Version: unspecified
Severity: normal
See Also:
https://bugzilla.wikimedia.org/show_bug.cgi?id=34873

Details

Reference
bz323

Revisions and Commits

Event Timeline

There are a very large number of changes, so older changes are hidden. Show Older Changes

I just found a case of this bug where the user had an underline in their name but the account was subsequently taken over by a vandal. I thought I had created accounts for all UseModWiki-era users who didn't have them, but users have occasionally slipped through the cracks. See:
http://en.wikipedia.org/wiki/User_talk:The_ansible#Note

I have also known for a long time about the case of "Simon_J_Kissane", see:
http://en.wikipedia.org/w/index.php?title=Talk:Algebraic_number&oldid=234678

Are we supposed to list all cases we find (as in [[bugzilla:20757]])? Because I just ran across [[User:Alan_D]]: http://en.wikipedia.org/w/index.php?title=Sailor_Moon&oldid=282114 for example does not show up in his contributions.

@ Philip #15

I don't know who decides what we're "supposed" to do, but I think that it would be a good idea, at least until a developer writes in to say that there's no point.

There's no point in listing them as far as I can tell. The devs can find them all automatically if they use the method I outlined in comment 11. I don't see the point of listing all instances at bug 20757 either, but it's better to be safe than sorry.

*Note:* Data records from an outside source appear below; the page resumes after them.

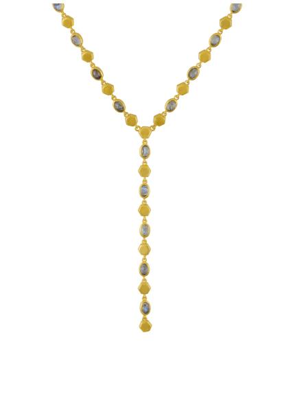 A beautiful blend of ultra-modern aesthetics and classic charm, this resplendent necklace features gold-plated silver adorned with an exotic array of stones.
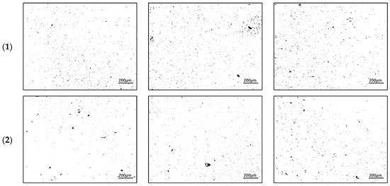 ImageJ software was used to conduct an investigation of how the area porosity changes and the distribution of pores varies in the sintered Cu–15Fe powder compacts subjected to a variety of lubricant types while under various compaction pressures. Figure 4 depicts the sintered samples’ pore structure and distribution, while Table 2 lists the changes in the area porosity that may be detected as a result of the sintering process. When examining the blank sample, it is possible to observe that the average size of pores (from Figure 4(a1–c1)) as well as the percentage of area pores (from Table 2) became large as the pressure rose from 50 MPa to 200 MPa; however, when increasing the pressure to 350 MPa, the rate of percentage of area pores became slightly lower than it had been at a pressure of 200 MPa (from 1.24% to 1.1%). In addition, the percentage of area pores at 50 MPa is the lowest in the PW sample (0.5%), but the average size of pores in this sample at 50 MPa is greater than that in the blank sample, as shown in Figure 4(a2–c2). As the pressure is increased (in 200 MPa and 350 MPa), it is possible to observe an increase in the percentage of area pores (0.77% and 0.85% respectively) while simultaneously observing a drop in the average size of pores.
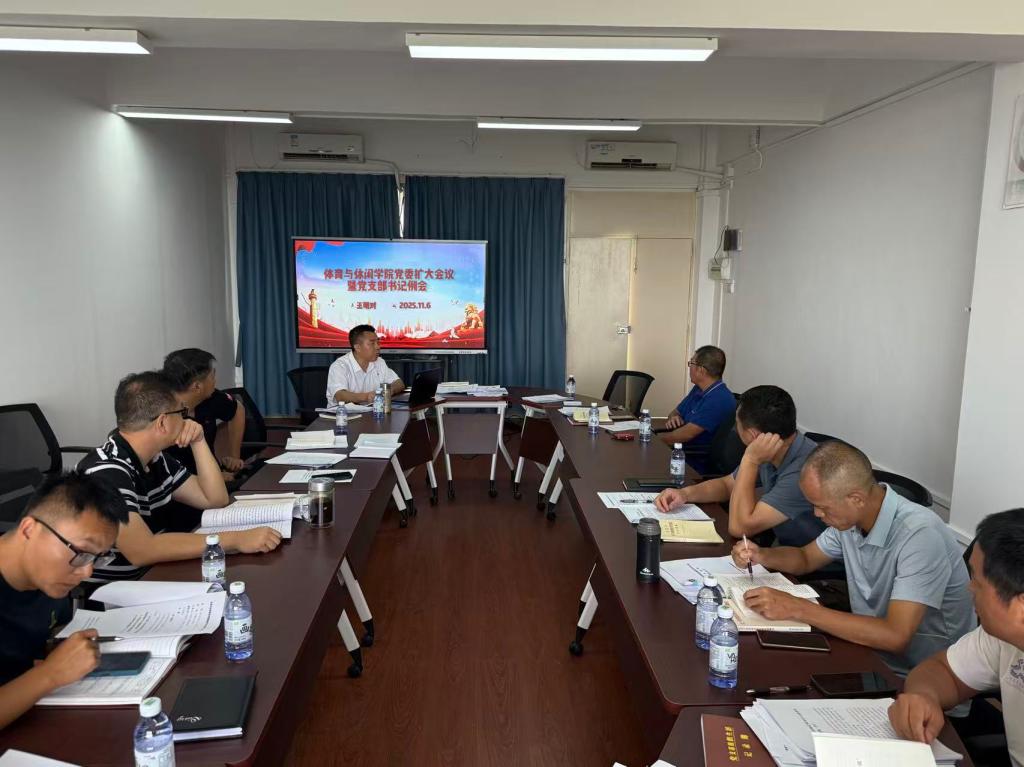 11月6日,体育与休闲学院党委在广学楼901会议室召开党委扩大会议和党支部书记例会,传达学习党的二十届四中全会精神,研究部署贯彻落实工作。会议由学院党委书记王明对主持,学院领导班子成员、党政办主任、专兼职组织员、党支部书记、系部中心主任、团委书记和辅导员参加会议。

As an aside, to draw more attention to this bug, I've mentioned it at http://en.wikipedia.org/wiki/Wikipedia:MediaWiki/DeveloperMemo/November2009#Requests_-_fixes

ayg wrote:

There is no point in listing them one by one here. Anyone with even toolserver access can just query the appropriate tables to find the bad rows. E.g., on enwiki,

mysql> SELECT user_name FROM user WHERE user_name LIKE '%\_%';
+-----------------+

user_name

+-----------------+

Nicholas_Lativy

+-----------------+
1 row in set (1 min 13.18 sec)

The same can just as easily be done for the other wikis, and other tables.

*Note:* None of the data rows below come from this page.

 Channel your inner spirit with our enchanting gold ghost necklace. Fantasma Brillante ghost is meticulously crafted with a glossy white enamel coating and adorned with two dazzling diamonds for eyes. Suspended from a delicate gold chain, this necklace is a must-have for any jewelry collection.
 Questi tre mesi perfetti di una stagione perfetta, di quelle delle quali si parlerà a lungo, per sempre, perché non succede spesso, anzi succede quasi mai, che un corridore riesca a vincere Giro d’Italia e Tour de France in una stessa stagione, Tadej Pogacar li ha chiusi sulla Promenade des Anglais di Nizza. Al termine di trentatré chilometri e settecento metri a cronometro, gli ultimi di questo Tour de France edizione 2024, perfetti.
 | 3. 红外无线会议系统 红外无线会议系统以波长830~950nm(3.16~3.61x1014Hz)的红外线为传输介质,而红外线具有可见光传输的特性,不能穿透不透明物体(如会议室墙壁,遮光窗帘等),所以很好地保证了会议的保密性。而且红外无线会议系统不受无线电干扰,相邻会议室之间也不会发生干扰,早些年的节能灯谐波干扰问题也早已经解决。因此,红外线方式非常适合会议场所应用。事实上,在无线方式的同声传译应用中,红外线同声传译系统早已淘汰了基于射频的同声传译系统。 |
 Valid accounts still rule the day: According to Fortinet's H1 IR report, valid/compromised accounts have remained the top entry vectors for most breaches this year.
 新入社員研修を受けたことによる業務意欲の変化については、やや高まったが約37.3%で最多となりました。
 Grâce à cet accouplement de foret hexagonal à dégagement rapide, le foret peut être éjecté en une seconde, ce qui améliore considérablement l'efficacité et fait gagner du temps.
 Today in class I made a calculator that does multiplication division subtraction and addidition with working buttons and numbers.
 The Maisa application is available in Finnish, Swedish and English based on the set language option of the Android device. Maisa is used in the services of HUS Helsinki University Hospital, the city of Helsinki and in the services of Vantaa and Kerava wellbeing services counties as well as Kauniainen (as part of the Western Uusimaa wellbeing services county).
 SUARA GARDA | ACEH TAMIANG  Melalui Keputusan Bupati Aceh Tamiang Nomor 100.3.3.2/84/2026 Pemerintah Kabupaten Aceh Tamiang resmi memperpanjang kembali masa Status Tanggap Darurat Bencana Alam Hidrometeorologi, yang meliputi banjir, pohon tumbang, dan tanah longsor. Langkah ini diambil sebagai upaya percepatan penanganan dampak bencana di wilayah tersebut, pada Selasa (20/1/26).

Curiously, the import feature seems to convert underlines to spaces in usernames automatically. I just imported some history from Nostalgia Wikipedia to the English Wikipedia, thanks to bug 20280. Larry Sanger's early contribution list, especially before January 2002, is now quite interesting:

http://en.wikipedia.org/w/index.php?title=Special:Contributions&dir=prev&target=Larry+Sanger

Not really relevant to this bug, but importing such edits also causes diff sizes to be generated for them.

Re: Comment 12, the problem is not the at being changed to a dot, but the fact that the first letter of the username contains a lower-case letter. I've changed the bug name accordingly to take this into account.

Therefore I would consider this bug resolved if someone changed underlines to spaces in the username fields as described in comment 11, then used the same procedure to change initial lower-case letters in usernames to capital letters. The change in the user ID number would be nice, but not strictly necessary, and it would probably be more trouble than it's worth.

And it goes without saying that I'd like this bug fixed on all applicable wikis, not just the English Wikipedia. I'm particularly thinking about the Nostalgia Wikipedia here, but other WMF projects might be affected as well.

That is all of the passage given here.